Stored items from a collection
>>>>
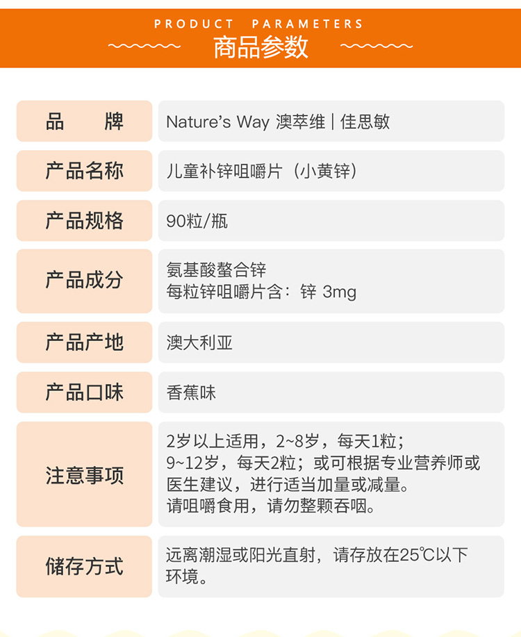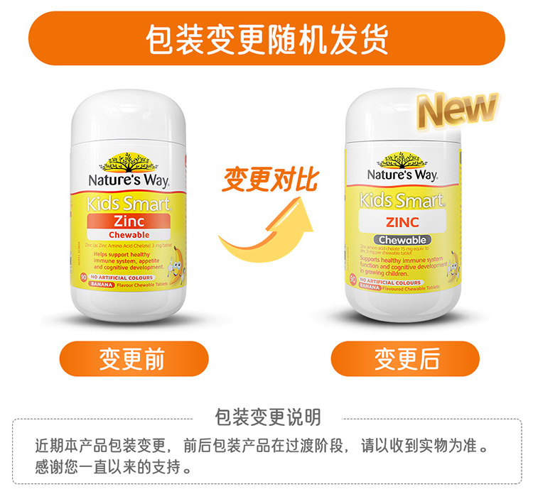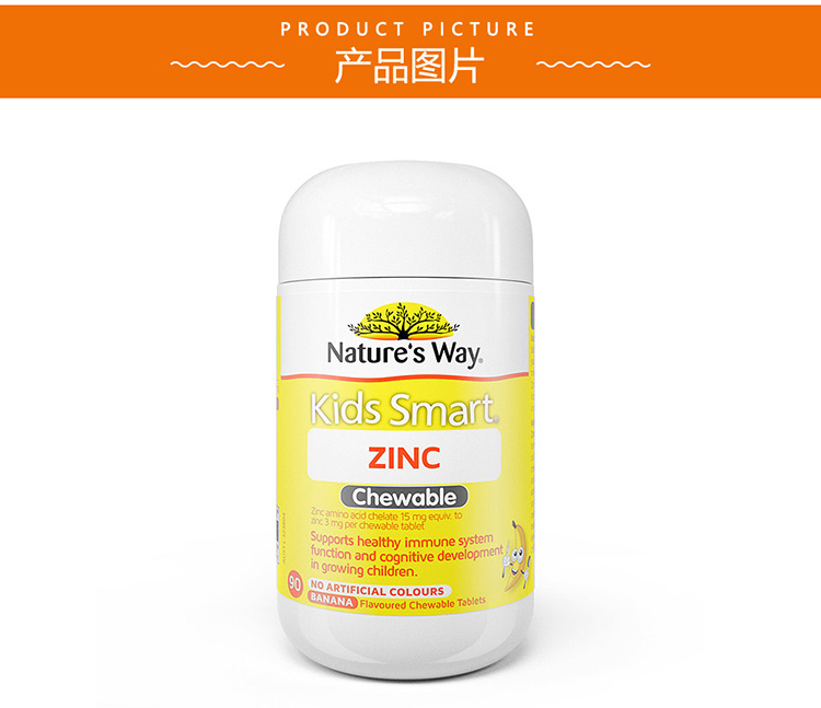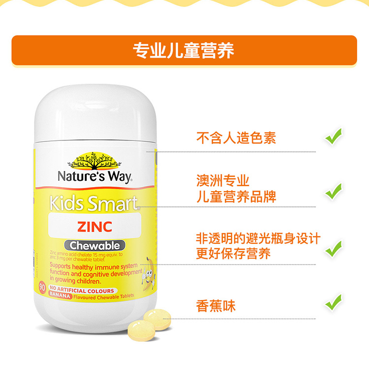 【跨境进口】Nature's way 佳思敏 小黄锌儿童咀嚼片50粒|报关后不支持退换货 介意慎拍
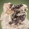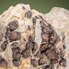 A rare locality piece with dark brown crystallized Siderite botroyds up to 0,7 cm in diameter. The contrast to the white Quartz is very good and such pieces are rare and desired by the local collectors.
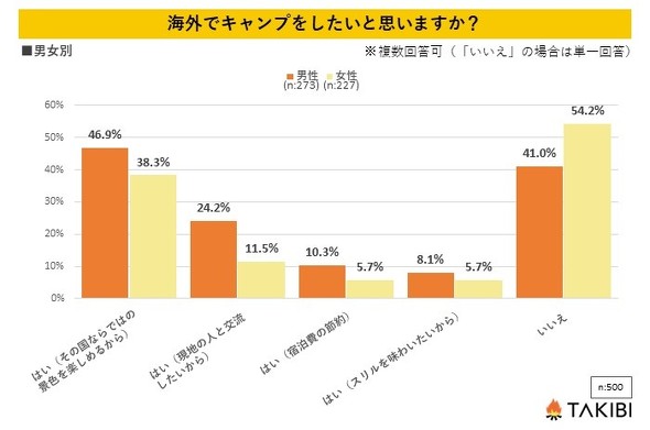 男女別で見ると、海外でキャンプをしたいと考える女性の割合が45.8%であるのに対し、男性は59.0%となり、男性の方が前向きであることがうかがえる。
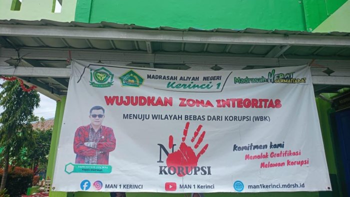 Zona Integritas merupakan upaya yang diarahkan pada terwujudnya wilayah bebas dari korupsi serta peningkatan kualitas pelayanan publik di lingkungan pendidikan. MAN 1 Kerinci berkomitmen untuk menjalankan program ini dengan melibatkan seluruh unsur, mulai dari pimpinan, tenaga pendidik, pegawai, hingga peserta didik.
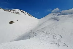 Predlagam, da se vrnemo po poti vzpona oziroma vse do klopce v Prižnici sestopimo po žlebu, ki v teh dneh, ko je tam še nekaj snega, nudi hiter sestop. Ampak previdno. Če je sneg pretrd, se hitro lahko zgodi nepotrebna nesreča, če je sneg južen, se pa močno predira.
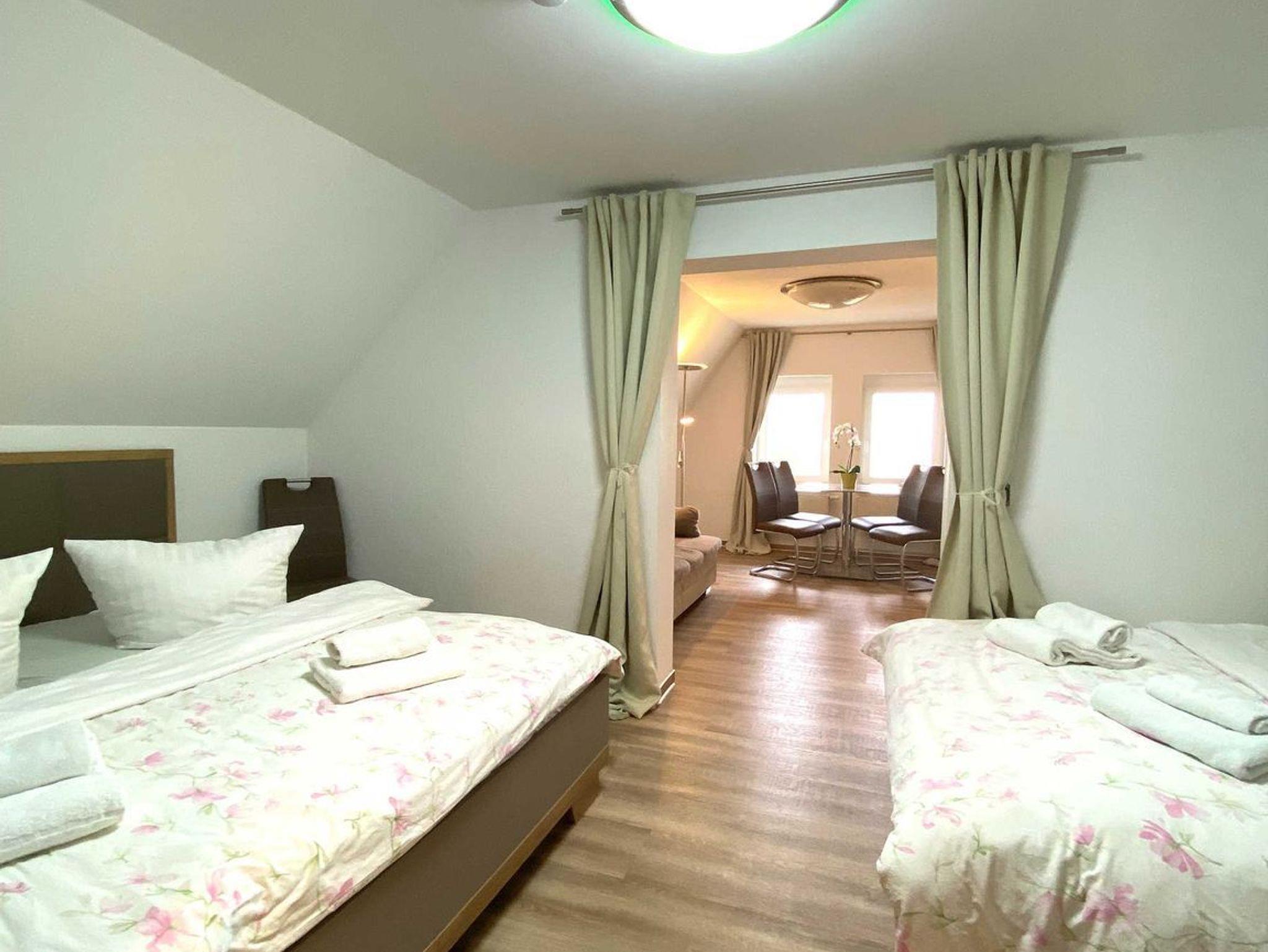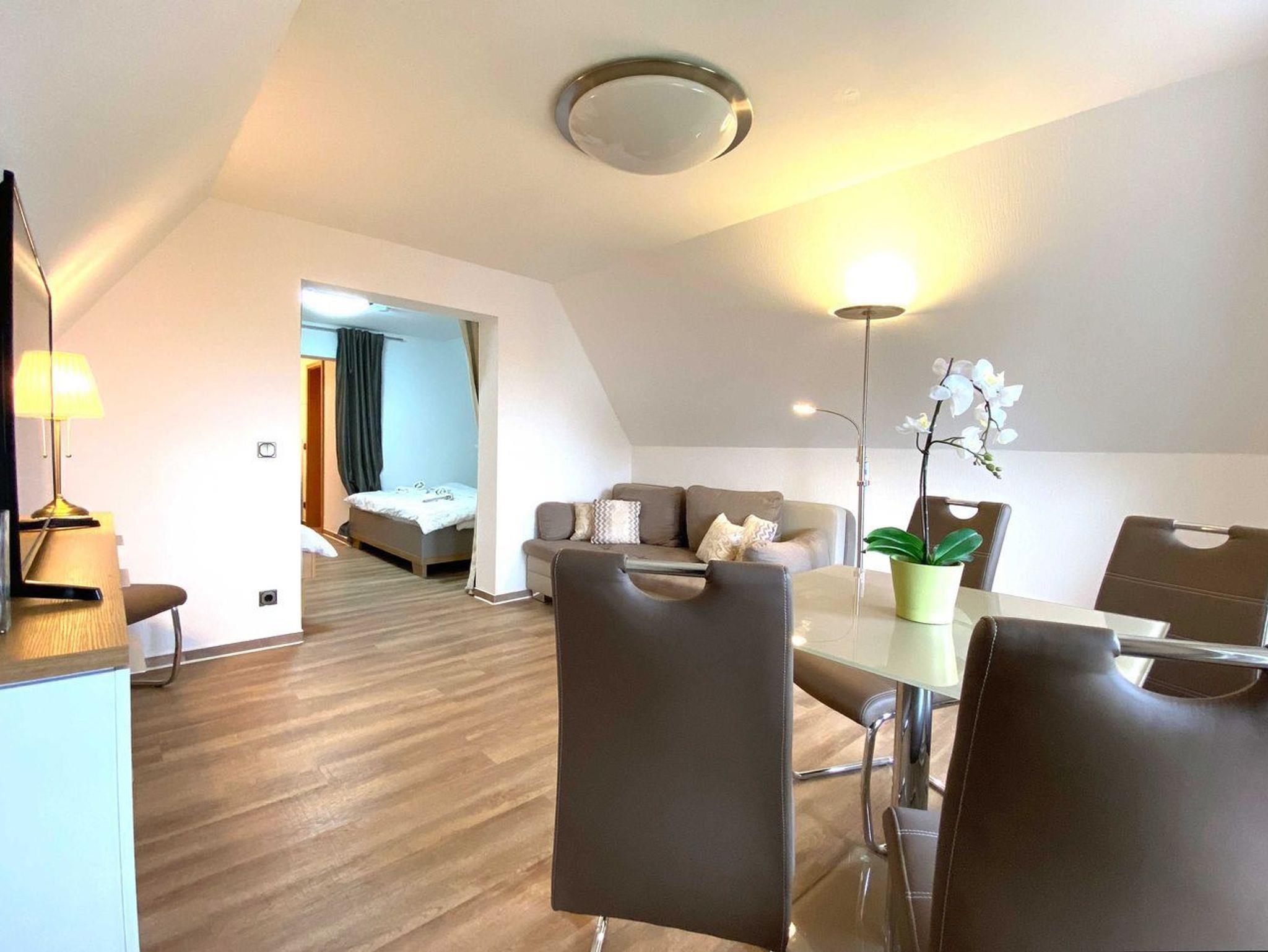 Das 2-Raum-Appartement im Dachgeschoss bietet mit seinen 35 Quadratmetern ausreichend Platz für bis zu 6 Personen.[nbsp] Das Wohnzimmer ist mit einem Esstisch, einem Flat-TV und einer bequemen Couch mit Ausziehfunktion ausgestattet.[nbsp] Das Schlafzimmer verfügt über zwei bequeme Doppelbetten so ist Ihnen ein erholsamer Schlaf garantiert.[nbsp] In der Pantryküche finden Sie alles für die Zubereitung Ihrer Lieblingsspeisen (Kühlschrank und 2 Platten, Wasserkocher, Toaster, Kaffeemaschine, Gläser, Besteck, Kochutensilien).[nbsp] Auch das Badezimmer lässt keine Wünsche offen, es ist mit Haartrockner und WC ausgestattet. Gönnen Sie nach einem ereignisreichen Tag ein entspanntes Bad in der Badewanne.
<<<<
WORK TASK
Transcribe, from the records above, the first line and every line after it up to and including the line with "Predlagam, da se"; omit pictures.

RESPONSE AREA
 【跨境进口】Nature's way 佳思敏 小黄锌儿童咀嚼片50粒|报关后不支持退换货 介意慎拍
 A rare locality piece with dark brown crystallized Siderite botroyds up to 0,7 cm in diameter. The contrast to the white Quartz is very good and such pieces are rare and desired by the local collectors.
 男女別で見ると、海外でキャンプをしたいと考える女性の割合が45.8%であるのに対し、男性は59.0%となり、男性の方が前向きであることがうかがえる。
 Zona Integritas merupakan upaya yang diarahkan pada terwujudnya wilayah bebas dari korupsi serta peningkatan kualitas pelayanan publik di lingkungan pendidikan. MAN 1 Kerinci berkomitmen untuk menjalankan program ini dengan melibatkan seluruh unsur, mulai dari pimpinan, tenaga pendidik, pegawai, hingga peserta didik.
 Predlagam, da se vrnemo po poti vzpona oziroma vse do klopce v Prižnici sestopimo po žlebu, ki v teh dneh, ko je tam še nekaj snega, nudi hiter sestop. Ampak previdno. Če je sneg pretrd, se hitro lahko zgodi nepotrebna nesreča, če je sneg južen, se pa močno predira.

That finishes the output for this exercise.